Revision as of 22:03, 24 March 2023

Sandbox begins below

1. Introduction to manufacturing laboratories

According to McKinsey & Company, the U.S. manufacturing industry represents only 11 percent of U.S. gross domestic product (GDP) and eight percent of direct employment, yet it "makes a disproportionate economic contribution, including 20 percent of the nation’s capital investment, 35 percent of productivity growth, 60 percent of exports, and 70 percent of business R&D spending."[1] These categories of economic contribution are important as many of them indirectly point to how the work of laboratories is interwoven within the manufacturing industry. As we'll discuss later in this chapter, manufacturing-based laboratories primarily serve three roles: research and development (R&D), pre-manufacturing and manufacturing, and post-production regulation and security (e.g., through exports and trade). We can be sure that if U.S. manufacturers' efforts represent huge chunks of total business R&D spending, trade, and capital expenditure (capex), a non-trivial amount of laboratory effort is associated with that spending. Why? Because R&D, trade, and manufacturing quality control (QC) activities rarely can occur without laboratories backing up their work.[2][3][4][5]

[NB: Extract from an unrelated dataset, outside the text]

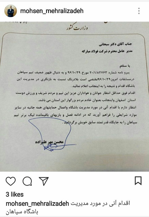 به گزارش به نقل از ورزش سه، محسن مهرعلیزاده استاندار اصفهان پس از شکست سپاهان در دربی اقدام به انتشار نامه ای رسمی و درخواست برای ایجاد تغییرات در باشگاه کرد، اما به صورت صریح از اقدامات مورد نظرش حرفی نزده بود.

Labs in the manufacturing sector provide vital services, including but not limited to quality assurance (QA), QC, production control, regulatory trade control (e.g., authenticity and adulteration), safety management, label claim testing, and packaging analysis. These activities occur in a wide array of manufacturing industries. Looking to the North American Industry Classification System (NAICS), employed by the U.S. Bureau of Labor Statistics (BLS), manufacturing industries and sub-industries include[6]:

  • apparel (e.g., knitted goods, cut-and-sew clothing, buttons and clasps)
  • chemical (e.g., pesticides, fertilizers, paints, cleaning products, adhesives, electroplating solutions)
  • electric power (e.g., light bulbs, household appliances, energy storage cells, transformers)
  • electronics (e.g., sensors, semiconductors, electrodes, mobile phones, computers)
  • food and beverage (e.g., baked goods, probiotics, preservatives, wine)
  • furniture (e.g., mattresses, sofas, window blinds, light fixtures)
  • leather (e.g., purses, saddles, footwear, bookbinding hides)
  • machinery (e.g., mining augers, air conditioning units, turbines, lathes)
  • materials (e.g., ceramics, cements, glass, nanomaterials)
  • medical equipment and supplies (e.g., ventilators, implants, lab equipment, prosthetics, surgical equipment)
  • metal forming and casting (e.g., steel beams, aluminum ingots, shipping containers, hand tools, wire)
  • paper and printing (e.g., cardboard, sanitary items, stationery, books, bookbinding papers)
  • petrochemical (e.g., solvents, fuel additives, biofuels, lubricants)
  • pharmaceutical and medicine (e.g., antivenom, vaccines, lab-on-a-chip diagnostic tests, cannabis products, nutraceuticals)
  • plastics and rubbers (e.g., dinnerware, tires, storage and shelving, outdoor furniture)
  • textiles (e.g., carpeting, upholstery, bulk fabric, yarn)
  • vehicular and aerospace (e.g., electric vehicles, reusable rocketry, railroad rolling stock, OEM auto parts)
  • wood (e.g., plywood, flooring, lumber, handrails)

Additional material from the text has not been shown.